Civil rights groups charge officials don’t have handle on East Jerusalem school rolls
More than 20,000 pupils are unaccounted for and over 1,000 classroom are still missing despite High Court order, according to new report
Raphael Ahren is the diplomatic correspondent at The Times of Israel.

Israeli authorities have conflicting records about how many children live in East Jerusalem and are therefore ill equipped to provide them with appropriate schooling, a new report claims.
The charge is one of several alleged discriminatory policies detailed in a report published Tuesday by two civil rights organizations, which claim that primarily Arab East Jerusalem does not get the same level of service as the West side of the city.
The paper also rings the Education Ministry and the Jerusalem municipality for failing to comply with a High Court order to increase the number of classrooms in East Jerusalem.
According to figures provided by the Jerusalem municipality’s population registry, 106,534 non-Jewish children aged 6-18 live in East Jerusalem. However, records from the Jerusalem Education Administration (known by its Hebrew acronym Manhi) show that 88,845 Palestinian children reside there, 86,018 of which attend school, the report states.
“If only 86,018 of these [106,534] children have attended schools, then a simple subtraction reveals that 20,516 have not attended an educational institution known to Manhi,” posits the report, published by the Association for Civil Rights in Israel and the Ir Amim nonprofit organization.
In response to a Times of Israel query, an Education Ministry’s spokesperson asserted that no schoolchildren are unaccounted for. About 70,000 Arab children in East Jerusalem attend official schools supervised by the municipality, while an additional 20,000 go to various unofficial institutions under the auspices of the either the Palestinian Authority, the United Nations or other bodies.
“Nobody got lost,” the spokesperson asserted, but failed to explain why the municipality’s population registry list about 15,000 more non-Jewish schoolchildren than she said were attending education programs.
The report, an updated version of which is published annually, accuses the Israeli authorities of various policies it claims amount to systemic discrimination of Arab schoolchildren in Jerusalem.
Quoting Jerusalem Deputy Mayor Pepe Alalu, the report states that 1,100 classrooms are missing in the Eastern part of the city. While authorities are aware of this and have started initiatives to improve the situation, only 33 new classrooms were built during the 2011-2012 school year.
Responding to an ACRI petition, the High Court last year ordered that the gap of classrooms in the two parts of Jerusalem be bridged by 2016.

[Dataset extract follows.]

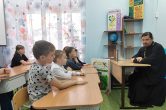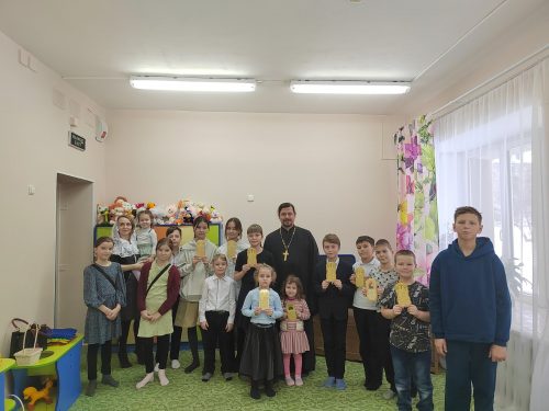 Воспитанники воскресной школы знают, как важно приобщиться к Таинствам церкви, поэтому Исповедь и Причастие стали верными спутниками ребят. С опытом появляются и новые вопросы, которые нуждаются в ответе опытного, мудрого наставника. Именно поэтому гостем на одном из занятий стал настоятель храма отец Димитрий. С трепетом и уважением, с нескрываемым интересом ребята общались с батюшкой и внимали каждому его слову. Со всей серьёзностью дети восприняли беседу, задавая очень важные и нужные вопросы. Так, вместе с настоятелем ребята вспомнили, как нужно готовиться к Исповеди, какое правило читать и как его выбирать. Отрадно было слушать, как наши юные христиане рассуждали о грехах и запретах, как без единого сожаления выбирали для себя путь поста и молитвы. Это не только привычные многим ограничения в еде, дети сделали акцент и на действиях, что могут влиять на их души: лень, игры, мультфильмы и другие, ежедневные, но не совсем полезные вещи.

“The Jerusalem Municipality and the Education Ministry must urgently enhance their investment in education in East Jerusalem,” said ACRI’s Nisreen Alyan. “The High Court has given them five years to bridge the gap in classrooms and if this is not done, the authorities will be obliged to pay tuition instead of the parents. A third of the timeframe provided by the court has passed, and at this rate we will be obliged to go back to the courts.”

In response, a municipality spokesman said the city invests more than NIS 650 million in education in East Jerusalem, including NIS 400 million for the building of 400 new classrooms — “in order to reduce the gap created by decades of neglect.”
The report also faults the municipality and the Education Ministry for “severe overcrowding” of East Jerusalem classrooms. “Within official elementary schools in East Jerusalem there is an average of 32 students per classroom, compared to an average of 25 students per classroom in the western part of the city,” the report states.
East Jerusalem also has the highest dropout rate in the country — four out of 10 children do not attend 12th grade, according to the report. The percentage of pupils who abandon their education is four times higher in the Eastern part of the capital — which Israel has ruled over since 1967 and formally annexed in 1980 — than among Jews in the rest of Israel.
“These grim statistics should justify affirmative action on behalf of East Jerusalem students; instead, students are discriminated against in the city’s treatment of the dropout phenomenon when comparing both parts of the city,” the report charges.
While the Western part of the city has 16 so-called MLA centers, whose schedules are adjusted to help students at risk of dropping out, in East Jerusalem there are only five similar centers. However, a similar number of students study in official schools in both parts of the city.
‘The authorities have deserted the right to education of tens of thousand of students in East Jerusalem’
“The authorities have deserted the right to education of tens of thousand of students in East Jerusalem, advancing a policy whereby one community is promoted at the expense of another community,” said Oshrat Maimon, the director of policy and advocacy at Ir Amim.
The report’s authors do attest the education officials’ “basic good will” in trying to tackle the problem. However, ACRI and Ir Amim posit that continuing discrimination of East Jerusalem residents is rooted in an unfair policy the government has been consistently implementing since it took over the Eastern part of the city.
“Of the 70,500 dunams in East Jerusalem annexed to Jerusalem in 1967, over 24,500 have been expropriated by the Israeli government for public purposes. However, the vast majority of these expropriated lands have been used for the creation of Jewish neighborhoods,” the report charges. “The Israeli planning authorities have done little to respond to the needs of the Palestinian population in non-expropriated lands in East Jerusalem and to promote new large scale construction projects in response to the population’s needs.”